“[…] After my sister, who was a year older, died at age 8, I thought it might have been better to take my life. I may have. If only I knew of a way to do it. Thankfully, the Internet wasn’t a thing back then or I might have googled it.
“[…] In the second, more recent scenario, fairly recently, in my adult life, I lost my job. Retrenchment. I was unable to pay my mounting bills, the bank closing in with daily calls and no apparent room to empathise with my harsh reality in a shrinking job market…”
The following Letter to the Editor, which candidly discusses two dark periods in a lady’s life, was submitted to Wired868 by Debra Johnson who says it is NOT fiction:
I recall first having suicidal thoughts at a very young age.
I was still a pre-teen in a family arrangement being raised by a stern, oppressive, punitive guardian who only pointed out bad things about me. In addition, I was not protected from sexual abuse. In one instance, my abuser, being a favoured, blue-eyed one, received more cover.
There was no safe haven, no place of trust so I had to keep all of it within and process it. I felt unloved, unworthy, and worthless.
After my sister, who was a year older, died at age 8, I thought it might have been better to take my life. I may have. If only I knew of a way to do it.
Thankfully, the Internet wasn’t a thing back then or I might have googled it…
The fact that my sis was the ‘good one’ and I was, well, the one who ‘gave trouble’ and ‘made them talk’ didn’t make things any easier. I remember someone actually telling me that I was the one who should have died because Bonnie was just so good while I, Miss Question Everything Debbie, was just sooo bad.
I felt as if I was completely alone, without options.
The other adults in my life all knew about the oppressive guardian. But they probably figured, “It can’t be THAT bad. She’ll survive. After all, didn’t we?”
They had options, had their own parents and homes. Fraulein Hitler was my home. I couldn’t escape—or so I thought—until I actually did!
Patricia Matthews will remember!
In the second, more recent scenario, fairly recently, in my adult life, I lost my job. Retrenchment. I was unable to pay my mounting bills, the bank closing in with daily calls and no apparent room to empathise with my harsh reality in a shrinking job market.
I again had thoughts of suicide, serious thoughts.
I didn’t want to bother anyone with my troubles.
But I thank God for Jesus Christ and for my beloved, who bothered to bother himself and help me navigate the troubled waters one day at a time…
Today, it might be easy for some to judge those for whom suicide seemed like the only way out.
I pray that hope and courage will never be far away from those who, for whatever reason, find themselves in a place of utter despair.
May we remember to be our brother’s keeper.

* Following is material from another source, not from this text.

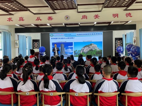 史兴俊副教授进行了题为“地震及火山活动”的科普讲座。史老师围绕“从矿物到岩石”、“地震和火山的形成”和“地震和火山灾害的防治”三个主题,以生动形象、通俗易懂的语言向参与的教师和学生介绍了矿物、岩石、地震及火山灾害的相关知识。在讲座中,史老师通过触摸岩石标本等课堂互动实践活动带领大家领略岩石的丰富多彩,通过多项实例演示了地震和火山灾害的发生过程及其危害,并详细讲述了如何预防和减轻灾害。史老师与学生进行了精彩互动,现场气氛活跃。

As I reflect on these two dark realities of my life, I recognise and acknowledge that they have both activated my empathetic core, made me sharply sensitive to:
- Children and the sometimes masked signs of despair or abuse.
- People who are struggling financially or just feeling inundated by the burdens of life.
I am grateful to be a survivor of these overdoses of dark despair. My pain has not been in vain.
I thank God for seeing me through each crisis and for not letting the enemy triumph over me.
I don’t know how my story will end but by the power of Almighty God in Whom I live, move and have my being, nowhere in its chapters will it read, ‘She gave up’.